Harvey Weinstein can’t seem to catch a break.
Earlier last week, the Weinstein Company announced it would undergo another wave of layoffs before the end of the year, leaving TWC with approximately 120 employees. Then on Friday, president of theatrical films Tom Ortenberg has asked to be relieved from his contract.
Now a federal judge has ruled that the company does not have a written contract to distribute one of the most talked-about films on its fall slate, “Precious: Based on the Novel ‘Push’ by Sapphire," the Los Angeles Times is reporting.
Scheduled for release on Nov. 6, "Precious" landed in legal hot water when it was sold following the Sundance Film Festival in January.
After Lionsgate announced that it had the rights to director Lee Daniels' account of a young black woman's personal life, TWC said that it had bought the film first, but that independent film sales agent John Sloss took it to Lionsgate for a better deal.
Two days later, the two companies sued each other.
On Friday, U.S. District Judge Naomi Reice Buchwald dismissed one of the four lawsuits that resulted from the dispute, saying there was no written agreement between TWC and the film's producers, Smokewood Entertainment Group.
"A signed writing is required to effectuate a transfer of copyright ownership," Buchwald wrote. "To the extent that [Weinstein Co.] alleges a purely oral agreement for the exclusive licensing and distribution rights to 'Push,' that claim clearly fails as a matter of law."
E-mails between TWC and Sloss’ Cinetic Media, Buchwald said, do not suggest any intention “to enter into a preliminary binding commitment to conclude the deal.
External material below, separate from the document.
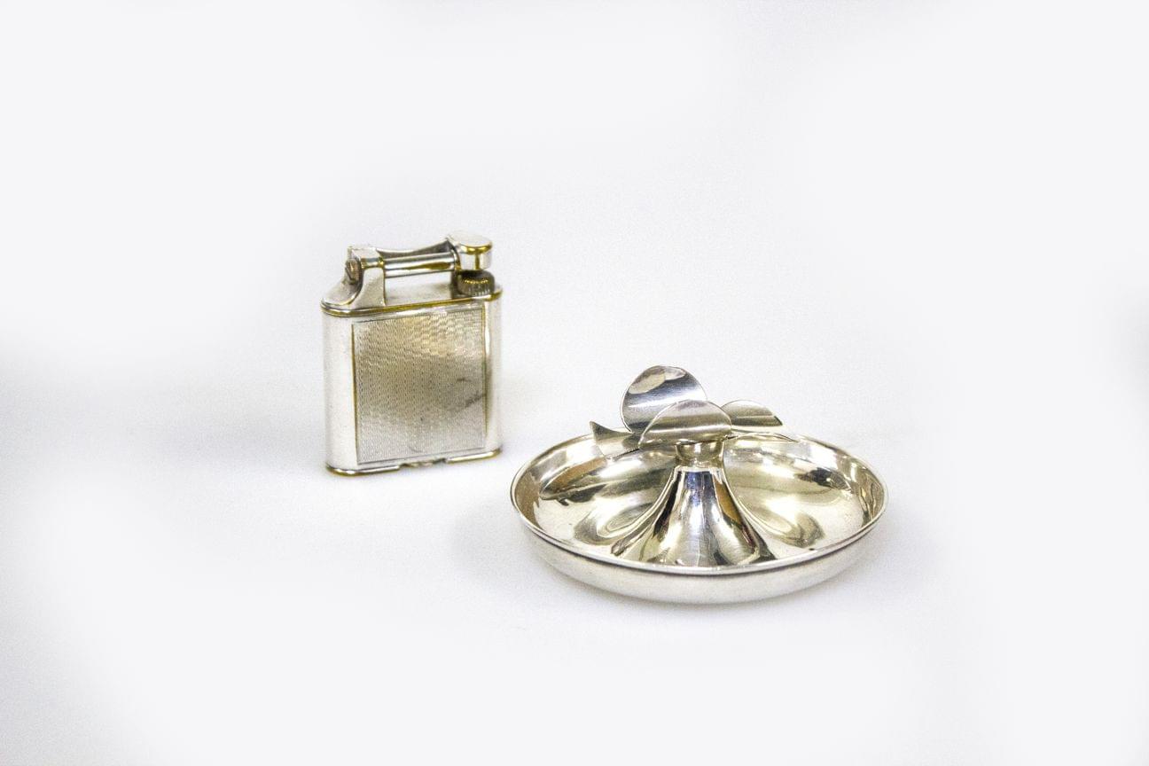 3225. Boîte à craie de billard, deux étuis à allumettes et un briquet,...

Rather, they suggest nothing more than that [Smokewood] was considering the deal on the table between the parties."
Lionsgate attorney Patricia Glaser told the Times she would inform the judges overseeing the other three cases of Buchwald's ruling.
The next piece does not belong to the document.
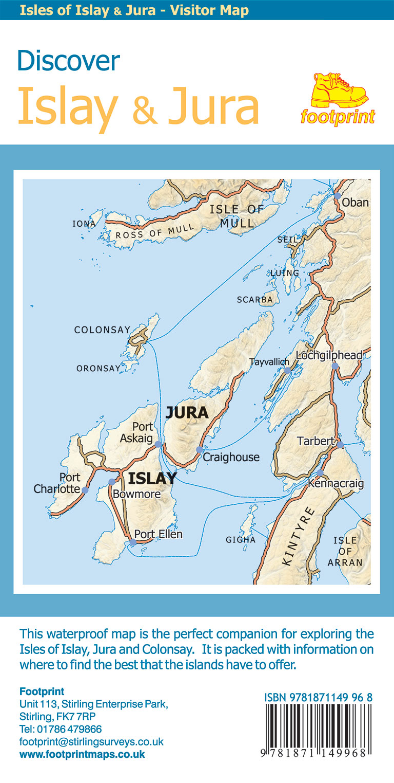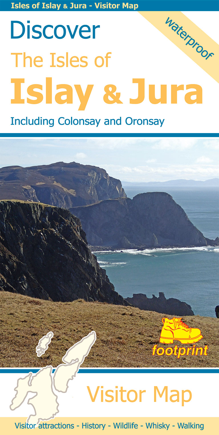 A visitors map (printed on waterproof paper) of two spectacularly different islands. Islay, known as the Queen of the Hebrides, is populous, fertile and hilly. Famed for the numerous whisky distilleries, the island also boasts beautiful beaches and coves, picturesque villages, numerous ancient ruins and a wide variety of wildlife.

Weinstein did have good news with the sale last week of its recent “Inglourious Basterds” to TNT. Though terms of the deal were not disclosed, it was reported that the film could have gone for around $15 million after making $110 million in U.S. box office.
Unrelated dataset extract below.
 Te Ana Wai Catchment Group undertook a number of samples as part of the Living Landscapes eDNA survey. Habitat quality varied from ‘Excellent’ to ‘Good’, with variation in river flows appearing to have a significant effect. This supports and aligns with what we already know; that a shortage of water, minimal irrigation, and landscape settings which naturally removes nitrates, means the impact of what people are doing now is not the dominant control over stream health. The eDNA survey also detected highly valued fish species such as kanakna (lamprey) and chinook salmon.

The company's next release is "Nine," a musical about a film director played by Daniel Day-Lewis who faces personal crisis and womanizes a slew of ladies including Penelope Cruz and Nicole Kidman, is slated for Nov. 25.
On the same day, the company is releasing "The Road," the post-apocalyptic story of a father (Viggo Mortensen) who travels across America with his young son.
Next year's slate includes the Michael Cera picture "Youth in Revolt," "Pirahna 3D" with Elisabeth Shue and Richard Dreyfuss and "Shanghai" with John Cusack.